Chris Davis, 1B/3B, BAL (BP: 79, ADP: 64, Difference: -15)
I honestly don’t have a ton of analysis to offer on Davis, who I see as being the rare guy on a list like this who would be a perfectly justified selection at either draft position depending on how your particular draft is unfolding. Both ADP and our own ranking reflect an aggressive belief in Davis bouncing back from last year’s catastrophe to become a quality first base option, and I suspect his bonus dual eligibility at third has played a not-small role in helping him retain draft day value. Power bats of his caliber are fewer and farther between than they have been in some time, and I’m absolutely down with hedging off last year’s collapse to project him to reemerge as a 30-plus homer bat in the middle of what should be a solid Baltimore lineup.
Matt Harvey, SP, NYM (BP: 82, ADP: 66, Difference: -16)
Harvey has looked tremendous in spring training, even unveiling a new curveball because it wasn’t already unfair to try and hit against him when he last graced a major-league mound in 2013. Ah, the plot thickens with that final caveat. I’ll let Matt Collins explain the issue at hand from his Starting Pitchers to Avoid piece on this very pitcher: “We all know that Tommy John surgery isn’t nearly the death sentence that it used to be, but that doesn’t mean pitchers automatically come back right away and return to dominance.” The Mets have repeatedly hinted that they won’t have a hard cap on Harvey’s innings, with GM Sandy Alderson mentioning 200 innings as a possibility if the team stands into October.

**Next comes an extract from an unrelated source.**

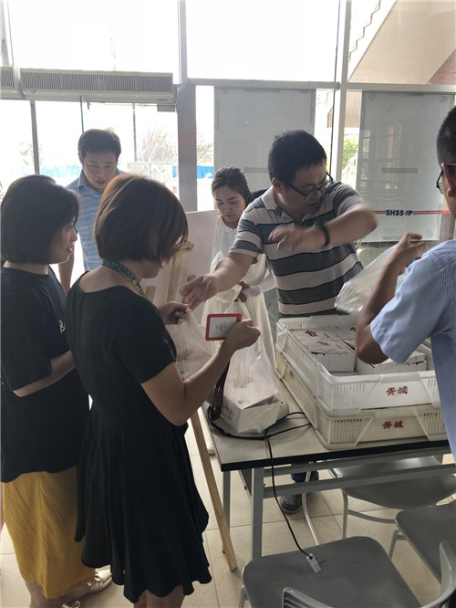 中午,终于等到来吃饭的教师们,各位老师纷纷驻足,表示出浓厚的兴趣。渐渐地买月饼的队伍排的越来越长,工作人员开始加快速度,争取不浪费各位老师宝贵的午饭时间。

My issue with Harvey’s aggressive ADP rests less with the concern of a late-season shutdown, however. As noted in the Carlos Gonzalez piece, getting an elite performer for most but not all of the season isn’t necessarily a death sentence given the waiver wire flexibility managers have in most cases to fill lost at-bats or innings. But assuming the 2013 version of Matt Harvey immediately reemerges in April seems an awfully risky proposition, and drafters are currently paying full freight for the privilege of that assumption.